Erfolgslauf: Elversberg kommt aus dem Jubeln nicht heraus, zuletzt gab es in der Liga acht Spiele ohne Niederlage.
Gut 15 Kilometer nordöstlich von Saarbrücken liegt Elversberg mit seinen 7.400 Einwohnern. Nützliches Wissen auch das: Es heißt die und nicht der SV Elversberg, weil es formal eine Spielvereinigung ist und kein Sportverein.

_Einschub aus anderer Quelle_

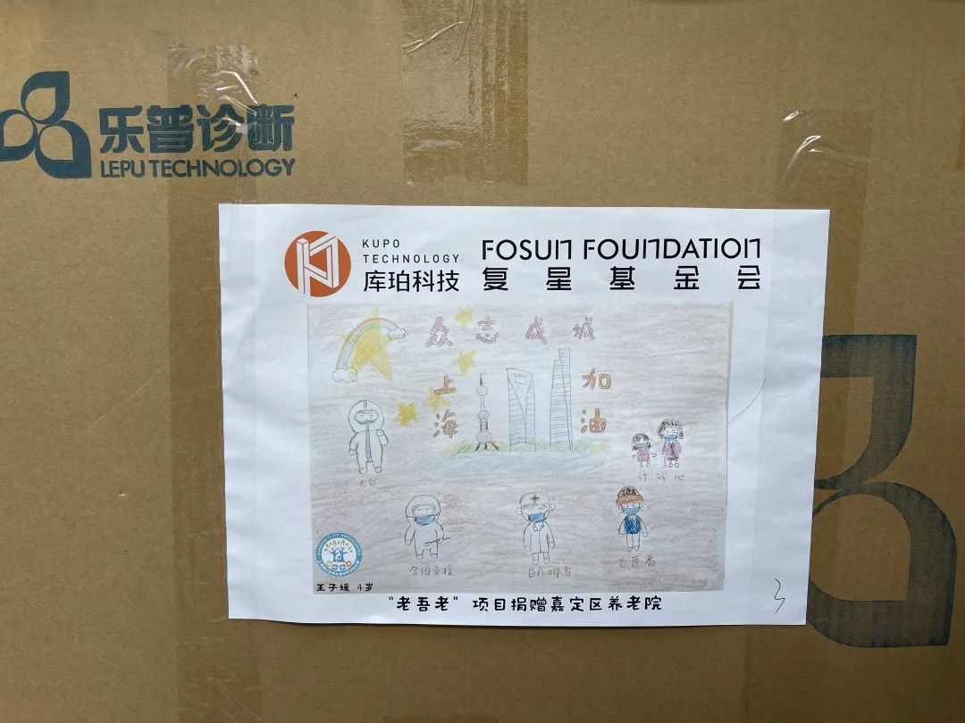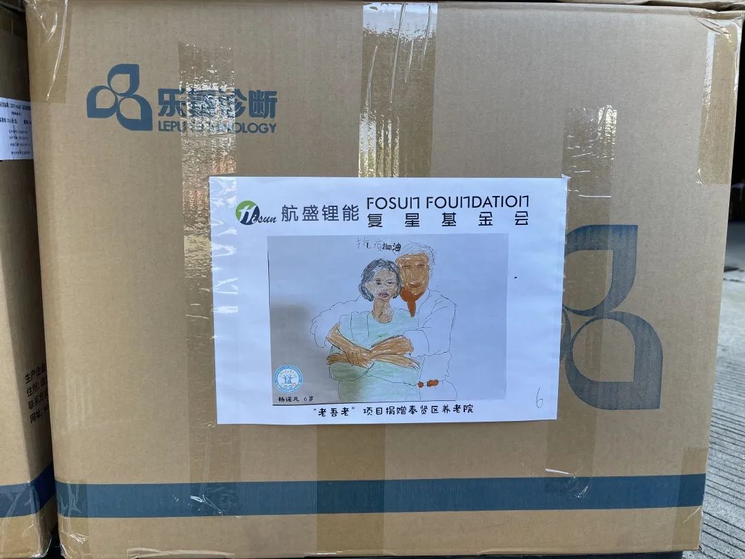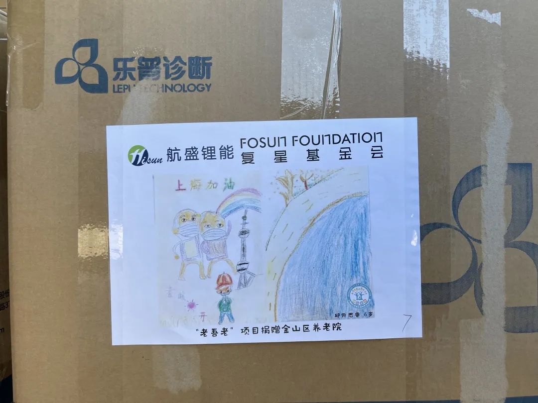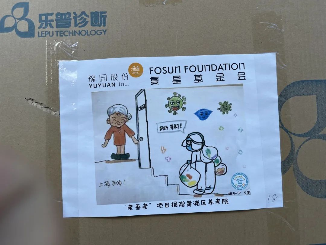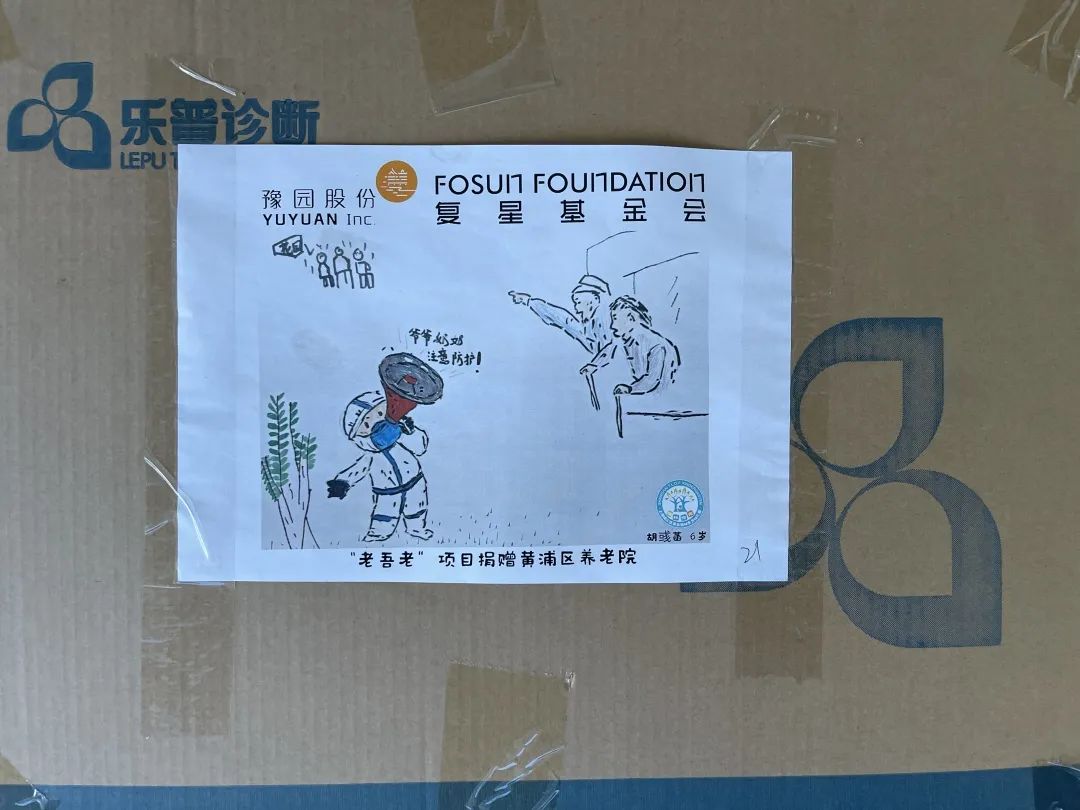 5月4日,上海复鑫公益基金会(简称“复鑫基金会”)联合库珀科技、航盛锂能、中国飞鹤、叶建宇、豫园股份向28家养老院捐赠56箱25200件防疫物资。5月6日,复鑫基金会联合蒋一侨、金徽酒向5家养老院捐赠25箱11250件防疫物资。5月7日,复鑫基金会将联合金徽酒、南钢、北京联想公益基金会向17家养老院捐赠43箱19350件防疫物资。

Für den Zweitliga-Dritten in Deutschland geht es am Donnerstag (20.30 Uhr/Sat.1 und Sky) zum Hinspiel nach Heidenheim, ehe am Montag der Dorfklub an der Kaiserlinde etwas perfekt machen könnte, woran vor drei Jahren beim Aufstieg aus der Regionalliga keiner geglaubt hat.
Die Ruhe in Person
Rund um Elversberg spielt alles verrückt dieser Tage, nur der Trainer ist die Ruhe selbst. „Die ganze Geschichte, so wie es jetzt gelaufen ist, ist schon ein Traum. Weil es so außergewöhnlich ist, weil wir mit wenig Möglichkeiten, die wir haben, eine Menge erreicht haben“, sagte Horst Steffen. „Wenn das i-Tüpfelchen draufkommt, dann freue ich mich. Aber ich träume jetzt nicht jeden Abend oder tagsüber erst recht nicht davon, dass wir in der Bundesliga spielen.“
Eine Aufstiegsfeier würde die Gemeinde vor eine große Herausforderung stellen. „Nein, es gibt keinen Rathausbalkon. Wir haben keinen, aber den würden wir auch anbauen. Wenn es sein sollte – glauben Sie mir –, schaffen wir das“, sagte Bürgermeister Bernd Huf. Auch der deutsche Vorjahresmeister Bayer Leverkusen habe ja keinen gehabt: „Von daher müssen wir uns nicht verstecken.“
Fehlende Infrastruktur
Auf Schienen können Auswärtsfans nicht bis nach Elversberg anreisen. „Aber wir haben Bahnhöfe in St. Ingbert, Neunkirchen und Friedrichsthal“, betont das Gemeindeoberhaupt. An der Infrastruktur müsse man natürlich noch arbeiten. „Aber das müssten wir auch dann tun, wenn wir in der 2. Liga bleiben.“ Die Kabinen für die Spieler sind in Containern untergebracht. Nach dem Umbau wird die Ursapharm-Arena 15.000 Zuschauer fassen, derzeit sind es 10.000.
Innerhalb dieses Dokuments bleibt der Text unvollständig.